The server has run various versions of freenas since Feb 16. No issues, system has been stable. Recently upgraded to FN11.2 U2.1 and experienced two instances where after a few hours of me reading data via SMB at 6-8Gbit/s system becomes unresponsive.
System has been stable up until the 11.2 U2 upgrade.I have had the exact same issue on another of my servers (almost identical config). Rolling back to 11.1 resolved this issue on that system.
I plan to leave this system on 11.2U2 to help diagnose the issue here - it is non-production, but has data on the array ready to become production. Im happy to provide any logs etc to help with this.
By unresponsive I mean:
- Netdata page freezes, no updates. 'chart not found on url' error if I refresh the page.
- SMB connections are dropped on clients.

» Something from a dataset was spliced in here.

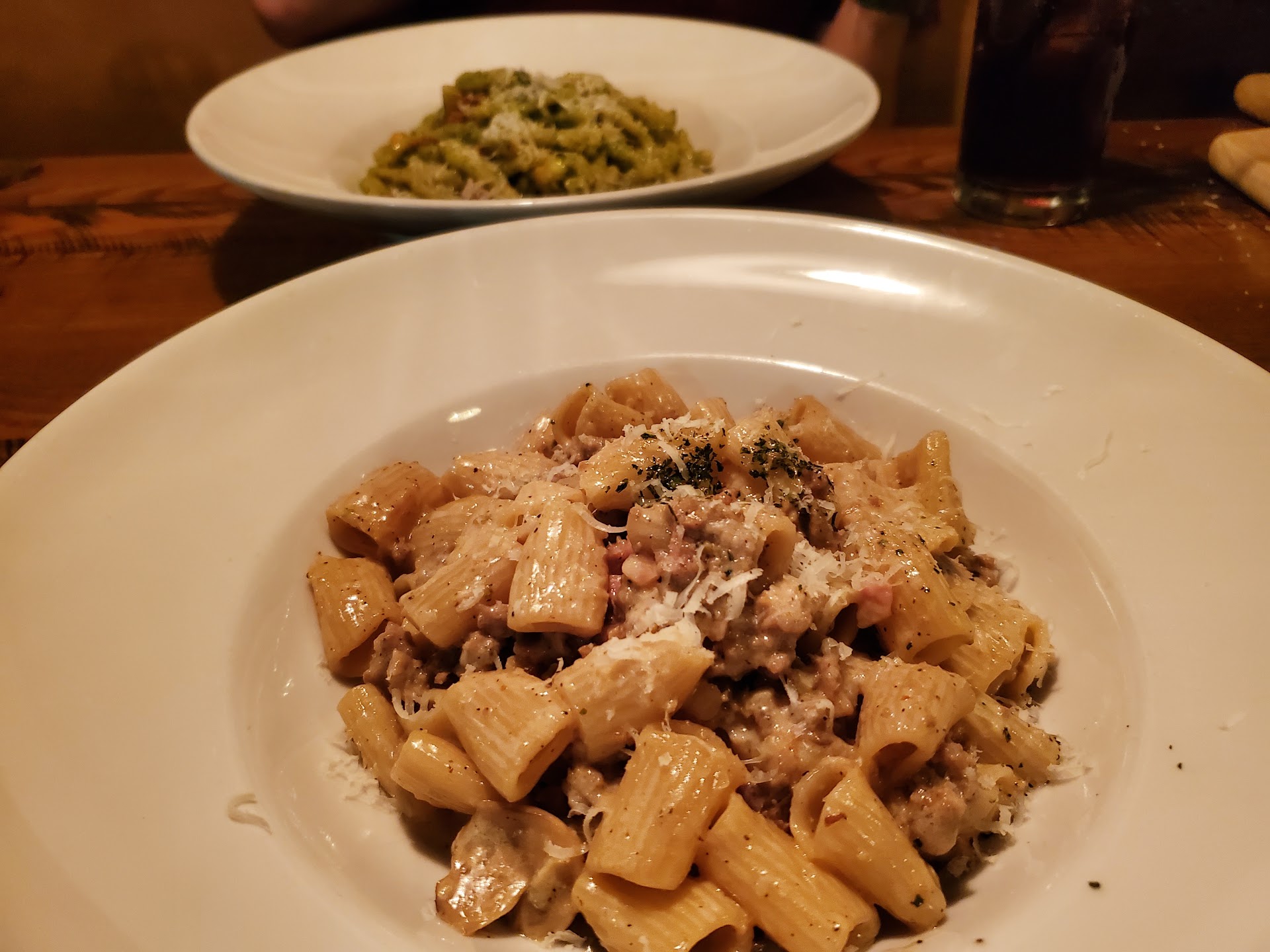 Our son ordered their Fish Special [$38] for the evening, which was Swordfish with asparagus and potatoes. The fish looked to be cooked through well and the meal seemed to be decent portions. He indicated he enjoyed all of it. My wife and I each ordered the Pansotti [$21], tortelloni stuffed with parmigiano, spinach, swiss chard and ricota covered in a gorgonzola cream sauce. The filling and sauce tasted good, but the pasta on the exterior of the tortelloni was on the thicker side and definitely did not seem properly prepared as it was tough to cut with a fork and even a bit to chew.

- SSH connections can be made, but freeze after 'Welcome to freenas'. No prompt as such, can type in session but nothing actually happens. Any existing SSH connections made before issue also freeze when attempting to read from disk? ('ls' returned results, ie worked, 'smbstatus' froze' )

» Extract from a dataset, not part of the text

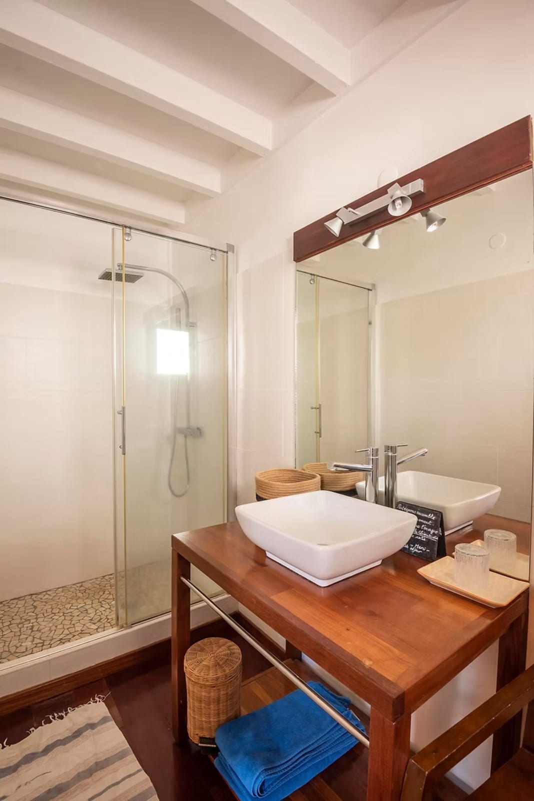 Each bedroom features a queen-size bed (160 × 200 cm) and air conditioning, ensuring peaceful nights. The villa offers four modern bathrooms, each equipped with a spacious shower for maximum comfort. At the heart of the house lies a bright, open kitchen, fully equipped with high-end appliances — perfect for turning every meal into a culinary experience.

- connecting to the web admin interface fails.
- system responds to ping
This has just happened again:
1. I logged into the console, I saw some errors - screenshot attached.
I was able to run some commands at the console (ls. ifconfig and dmesg. When I tried 'zfs list' the console became unresponsive.)
2. I performed a reset via IPMI, when booted up, the Chelsio network adapter comes up with its ports in status: no carrier. doing a netif stop start lets me ping out, but obviously nothing else works.
When booting after the reset I see the errors:
Error1: Occurs more than 30 times, fills the screen repeatedly.
@Error: attempt to write a readonly database
[: : bad number@
To help describe where this occurs during boot - the next message after this error is: middlewared: loading completed
Error2: When importing pools, occurs more than 30times, fills the screen - not the same error. Here is a sample:
@condensing: txg 230668, msp  0xfffff802b977dc00, vdev id 0, spa C3-J0-V1@
Screenshot image 'import pools' attached. C3-J0-V1 etc are the pool names.
3. I performed a another reboot - network comes up, everything in working order.
Supermicro X10DRW Motherboard
CPU 2x Intel(R) Xeon(R) CPU E5-2620 v3 @ 2.40GHz (2400.05-MHz K8-class CPU)
Memory: 256GB EEC registered
Disks: 2x SATA DOMs for boot vol. 90bay jbod (Supermicro SC946ED) attached via SAS3 (SAS3008 - LSI9300-8e). Multipathed.
Networking: Chelsio T520-CR. Ports aggregated. VLAN interface configured.
This issue has occurred twice on this system, and twice on another system that has since been downgraded. Downgrading resolved this issue on the other system. Im happy to wipe this system and install from fresh - but I thought the devs might want to know why an upgrade causes these crashes. I wouldn't have raised this but for the fact this has occurred on more than one server.